In early 1978, the Electro Sound (エレクトロサウンド) corporation, then one of the few independent synthesizer-centric studios in Japan, hired Hirasawa. Among other endeavors, they operated the Yamaha Music Foundation courses on the instrument. That year, the company band The Bach Revolution (バッハ・リヴォリューション, Bahha Rivoryūshon) made Synthetic Study, a teaching tool for various uses of the Yamaha CS-10, recorded alongside Mandrake (all members are credited but the band name itself does not appear in the packaging) and a co-worker. It is an instrumental covers album of mostly pop songs, with three from Mandrake's genres. Hirasawa felt he "sold [his] soul" working on it. It is the only album Mandrake released during its lifetime.

Hirasawa entered a Weekly Playboy contest offering free synthesizers to talented amateurs who submitted high-quality multitrack recordings at a superior's advice. The Bach Revolution was part of the judging panel that selected the winners. His attempt, "Temptation from Necessity Bees" (いりよう蜂の誘惑, Iri-yō Hachi no Yūwaku), was praised by head judge Isao Tomita: "Outstanding composition. Top-level for a piece by an amateur. [...] It’s rich in wit, and the idea is great. There is a solid understanding of sound making. Perhaps calling him an amateur would be impolite, so it would be better to call him a professional". (Note: "構成力抜群。素人の作品としてはトップレべル。 [...] ウイットに富んでるし、アイデアもいい。オーディオ的な音創りがわかっている。素人というのは失礼で、プロ級といいかえた方がいいかな。") It, and all other winning entries, were released that same year as the Synthetic Space (恐るべき頭脳集団) compilation.

As the burgeoning punk and new wave movements developed in the west, their music and visuals reached Mandrake, who gradually cottoned to their approach and stylings. Hirasawa felt new wave was a genre with a meaning behind it, and as he listened to more of it concluded he could make it with the same motivation that led him to prog. His friends in other prog bands thought of it dismissively. He looked to Split Enz, who turned new wave but kept some prog elements, as a potential model to follow.

Besides the hands-on experience Electro Sound's assignments provided, it also allowed Hirasawa and Tanaka to develop a new approach to synths. The two wrote many new wave songs with this new sound, which Hirasawa thought had mainstream potential, and Mandrake played them. By September, when they appeared at that year's Tajimagahara festival, Mandrake was a half-hearted band. Three members already cut their waist-length hair short and were irritated with the scene.
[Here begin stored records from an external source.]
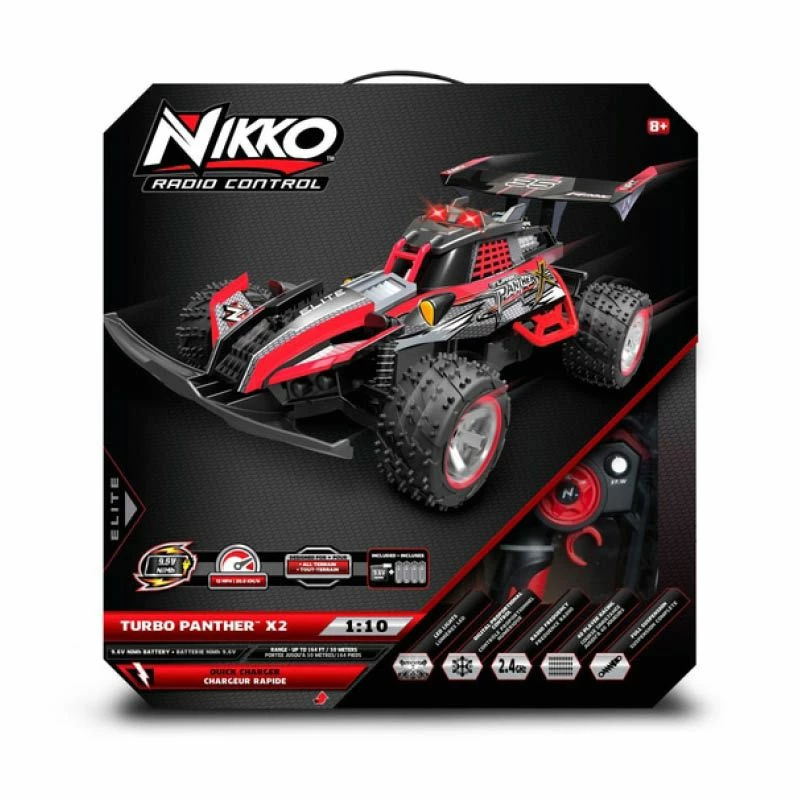 Stilig radiostyrt bil fra Nikko med tøffe detaljer og full styring! Bilen har en toppfart på hele 20 km/t og svinger til høyre og venstre, samt rygger. Bilen kjører på 2,40GHz frekvens med mulighet for at opp til 40 like biler kan kjøres samtidig uten å forstyrre hverandres signaler. Med rekkevidde på opp mot 50 meter er denne stilige røde Turbo Panther X2 perfekt til kappløp og lek! Den stilige kontrollen gjør det enkelt å styre og svinge mens bilen suser av gårde!
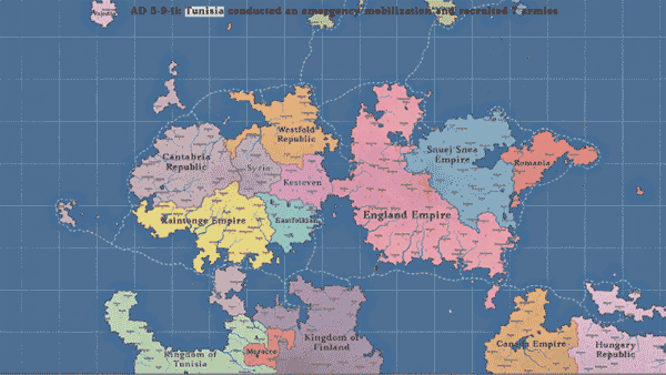生动的国家模拟:模拟国家间的外交、发展和战争,观察数百乃至上千年的历史演变,就这么看着就好。
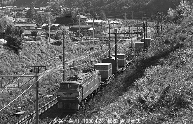 EF65537がひく下り貨物列車が大カーブを通過する。
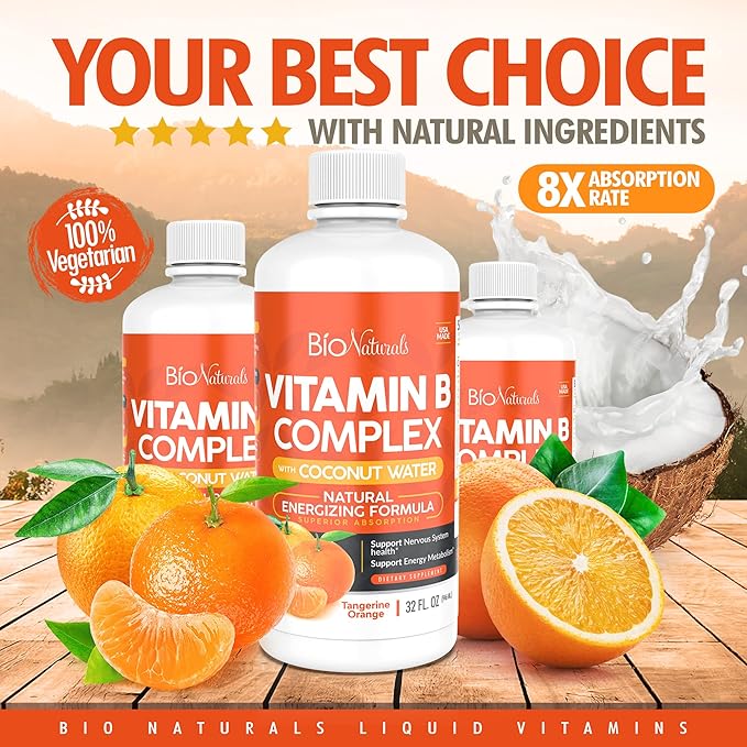 Bio Naturals Vitamin B Complex Liquid Supplement - 100% Natural Energy Boost with Vitamins B1 B2 B3 B5 B6 B12 & Organic Coconut Water for Stress, Mental Focus & Healthy Immune System - 32 fl oz
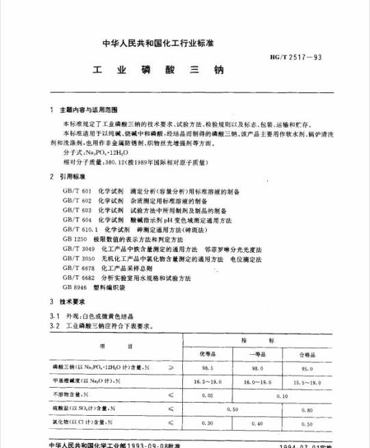 HG/T 2517适用于以纯碱、烧碱中和磷酸,经结晶而制得的磷酸三钠。该产品主要用作软水剂、锅炉清洗剂和洗涤剂,也用作非金属防锈剂、织物丝光增强剂等方面。
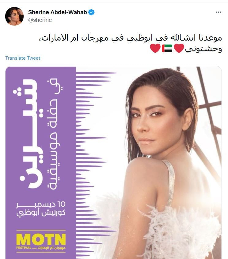 ونشرت شيرين في أول منشور لها بعد تلك الأنباء تكشف فيه عن مفاجأة فنية جديدة تنتظر جمهورها في الإمارات، معلنة أنها ستحيي حفلاً في أبو ظبي يوم الـ 10 من ديسمبر المقبل.
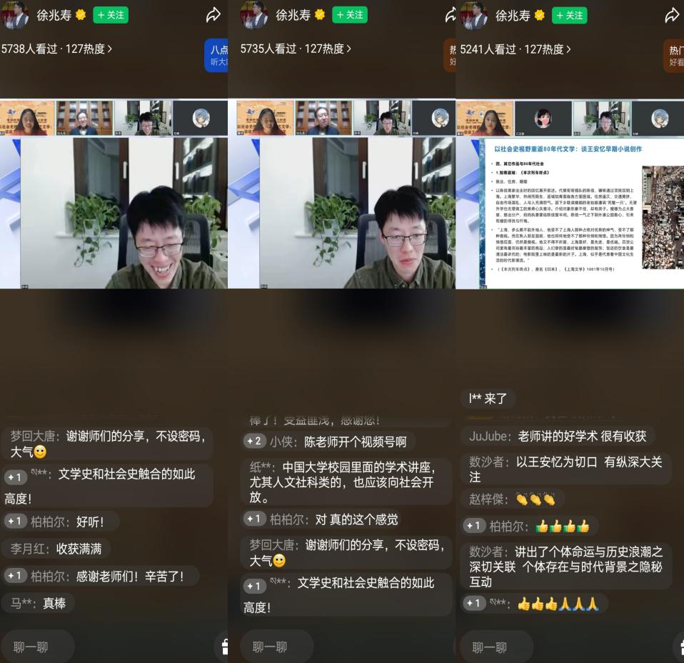 讲座结束后,董婕老师做了总结和点评。她指出,陈思的整场讲座紧贴着文学文本和历史文献,做到了文学研究与社会史视野的高度融合,不仅为听众勾勒了一个有别于文学史的、立体的、多维的、客观的“80年代”,显示了深厚的研究功底,同时展示了人文学者特有的担当和情怀,把历史和当下深深地勾连了起来。也在一定意义上回答了“文学何为”这一恒久又常新的命题。正如直播间的网友评论的那样,“以王安忆为切口,有纵深大关注”。徐兆寿院长在结束辞中指出,“陈思重启了一个80年代,一个理性的80年代”。陈思和同学们互动交流之后,整场讲座在热烈高涨的氛围中结束。
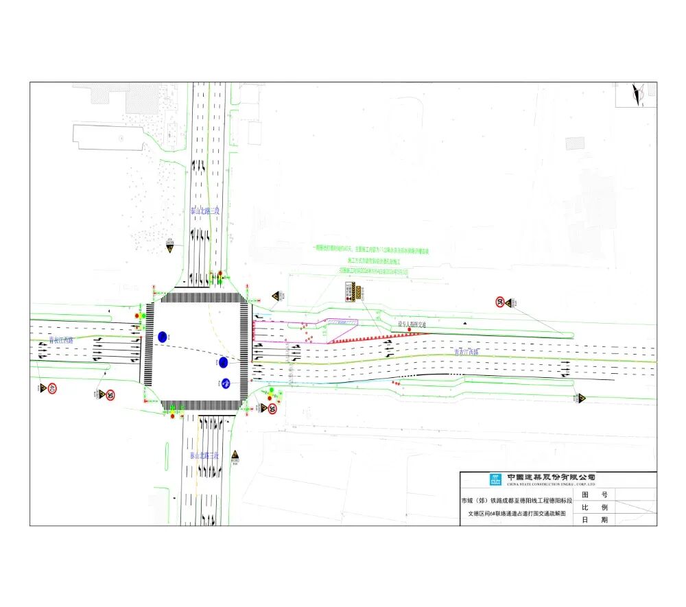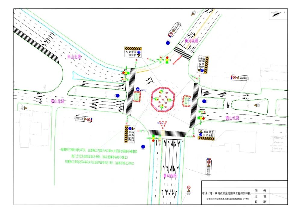 市域(郊)铁路成都至德阳线工程因联络通道施工,需在地面打围。打围位置一位于泰山北路与华山北路、黄河西路交叉路口,设置交通疏导用的环岛。计划打围施工时间为近期至2026年4月24日。
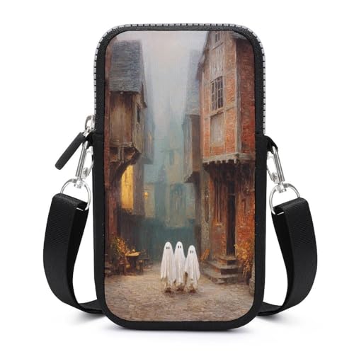 Three Cute Little Ghosts in Old Town Street Crossbody Mobile Phone Bag Smartphone Bag With Adjustable Strap
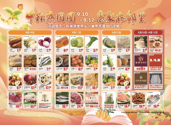秋风送爽,喜迎中秋,中秋节是一个月圆人团圆的美好节日。为了庆祝中秋佳节,星空体育全站旗下石湖邻里中心于9月10日-12日暖心推出“中秋庆团圆,惠聚在邻里”活动,活动参与的优惠商品种类丰富,现场参与氛围热烈。
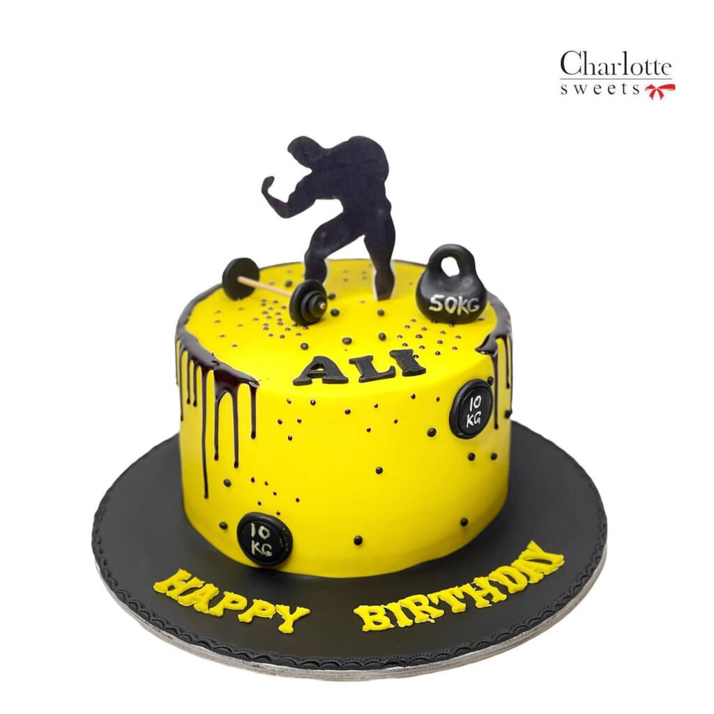 This unique and fun cake is perfect for a fitness enthusiast! The bright yellow cake is decorated with a dynamic silhouette of a bodybuilder, showcasing a powerful pose. The cake is further embellished with weight plates, a barbell, and a weightlifting chain, creating a fun and energetic atmosphere. The inscription “Happy Birthday Ali” adds a personal touch. Order online for next-day delivery in Dubai, Sharjah, and Ajman.
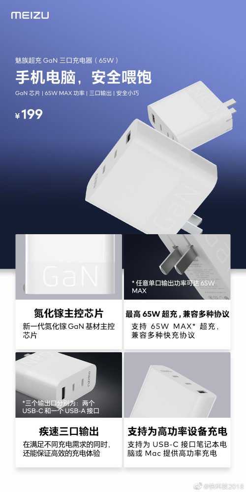 魅族超充GaN三口充电器采用新一代氮化镓GaN基材主控芯片,拥有两个USB-C和一个USB-A接口,支持多种充电协议。每个接口单独使用输出功率都可以达到最高65W。 售价199元。

Hirasawa felt that prog lost its link to society and became pure entertainment with no growth prospects. As a genre focused solely on music it would never have wide appeal and had no media coverage. He estimated the limit of fans who would see Japanese bands live at 300 people. The maximum turnout they were able to attract was 150 people. After the festival, the A&R coordinator proposed that Mandrake make an album as a "souvenir" after learning they wanted to change styles. Hirasawa, who saw it as a paradigm shift and wanted to start from scratch, was incensed at the idea and rejected the offer.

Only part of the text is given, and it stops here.